Evaluation of high-resolution shadowing applied to freeze-fractured, deep-etched particles: 3-D helical reconstruction of shadowed actin filaments

Abstract

Images of shadowed F-actin filaments on mica surfaces obtained using a quick-freeze, freeze-fracture, deep-etch technique were subjected to conventional 3-D helical reconstruction methods. Although the shadowing must vary systematically from subunit to subunit, the computed transforms of isolated filaments were characteristic of the helical actin transform. Helical reconstruction was therefore judged to be valid. The theoretical basis for such reconstruction is outlined.
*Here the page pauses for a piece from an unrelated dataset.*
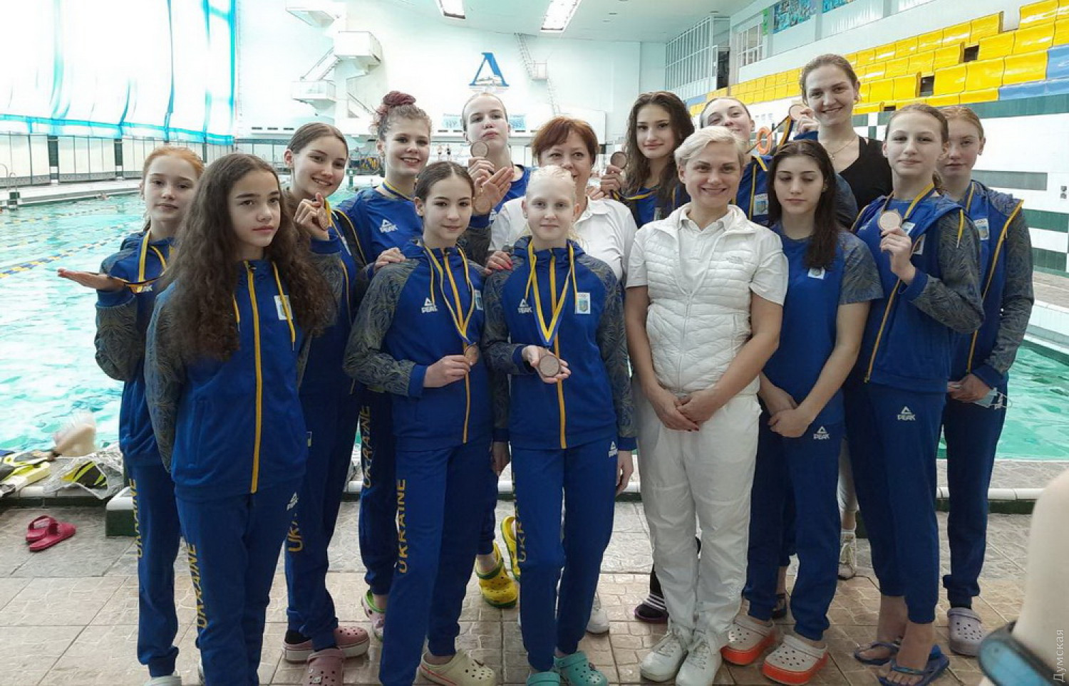 Сборная Одесской области завоевала бронзу чемпионата Украины по синхронному плаваниюБронзовые медали чемпионата Украины по артистическому (синхронному) плаванию завоевала сборная Одесской области. Первенство прошло в Харькове, сообщает региональное отделение НОК Украины. Одесские спортсменки заняли третье место в произвольной программе среди комбинированных групп, набрав 73,0667 балла. Сборную Николаевской области, которая стала четвертой, одесситки опередили на 1,0667 балла. Возраст спортсменок — от 11 до 15 лет. Они представляют две одесские спортшколы: областную ДЮСШ — Мария Богданова, Таисия Почепинская, Регина Першина, Алиса Подгурская, Маргарита Савченко, Александра Жайворонок, Юлия Рерак, Анастасия Зелинская, и СДЮСШОР «Черноморец» — Татьяна Давискиба, Владислава Качерба и Анна Харченко. К чемпионату Украины комбинированную группу готовили Екатерина Подгурская-Дорогова и Вера Голубова. Также в этом виде выступала и вторая сборная Одесской области, которая, заняв седьмое место, также принесла очки нашему региону. В активе одесских синхронисток и два четвертых места: Марии Богдановой в соло и дуэта Марии Богдановой и Татьяны Давискиба, который проиграл всего 0,3 балла киевлянкам. Тем не менее спортсменки выполнили норматив мастера спорта Украины. СМЕРТЬ РОСІЙСЬКИМ ОКУПАНТАМ! Помітили помилку? Виділяйте слова з помилкою та натискайте control-enter |
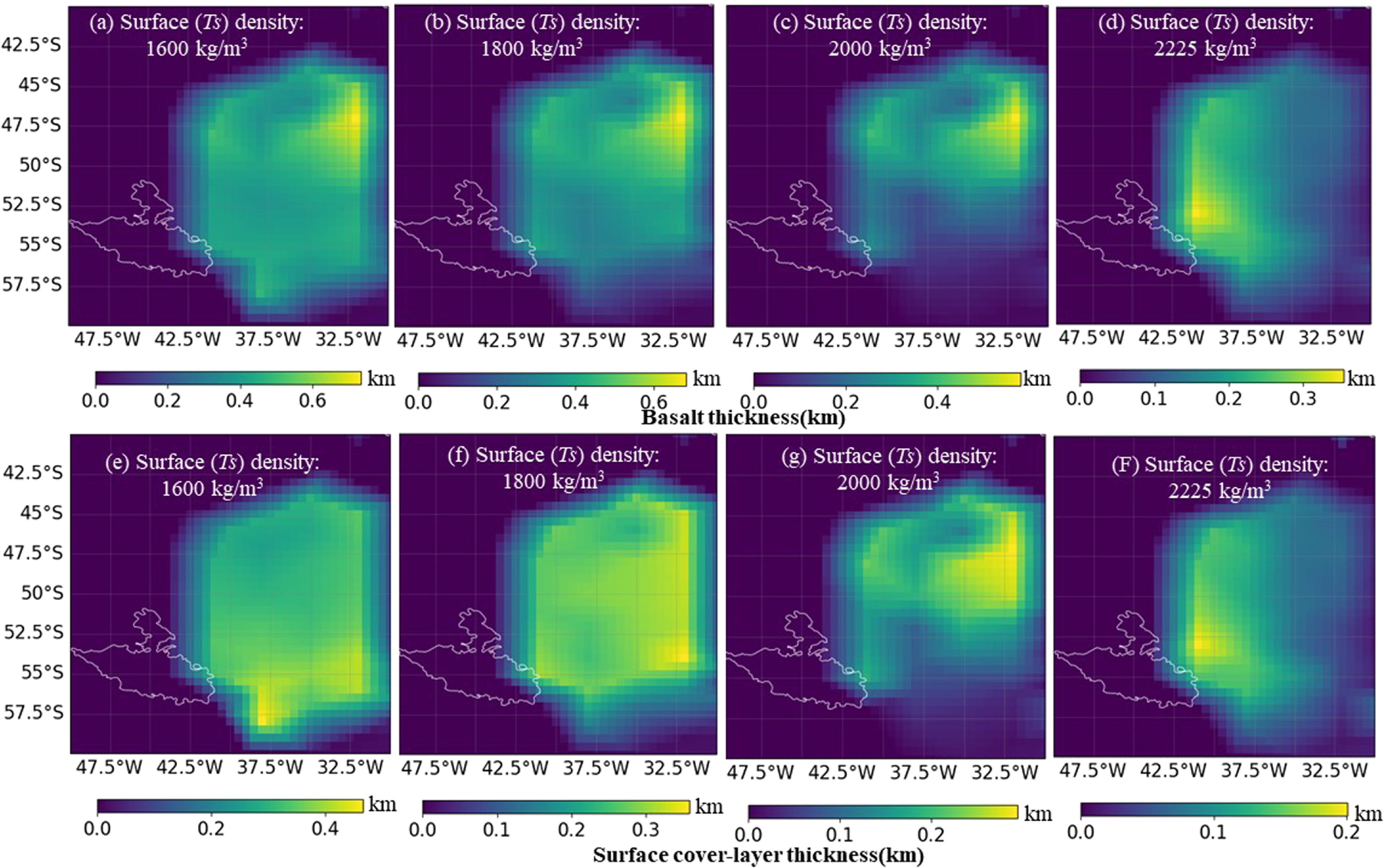 Reference map showing the distribution of lunar basalt and surface cover-layer thickness in the cryptomaria region under varying surface cover-layer densities.

The reconstructions showed an average thin (about 3 nm) layer of shadow on the filament surface and both the outer and the inner surfaces of the shadow layer could be visualized. By comparison with the F-actin structure postulated by Holmes et al. (1990) on the basis of the known structure of the actin monomer, it is shown that, at the resolution considered, the inner surface of the shadow provides a reasonably faithful outline of the molecular surface. This, in turn, confirms that the original 3-D structure of the protein molecules has been well preserved throughout the whole preparation procedure up to the final replica. The "shadowed" filaments can thus be correlated axially and azimuthally with known actin structures and, in principle, features such as myosin head location on decorated filaments can be determined. The result emphasizes the amount of detail present in good quality images of shadowed particles and, in this case, shows that detailed evaluation of molecules labeling actin can be made.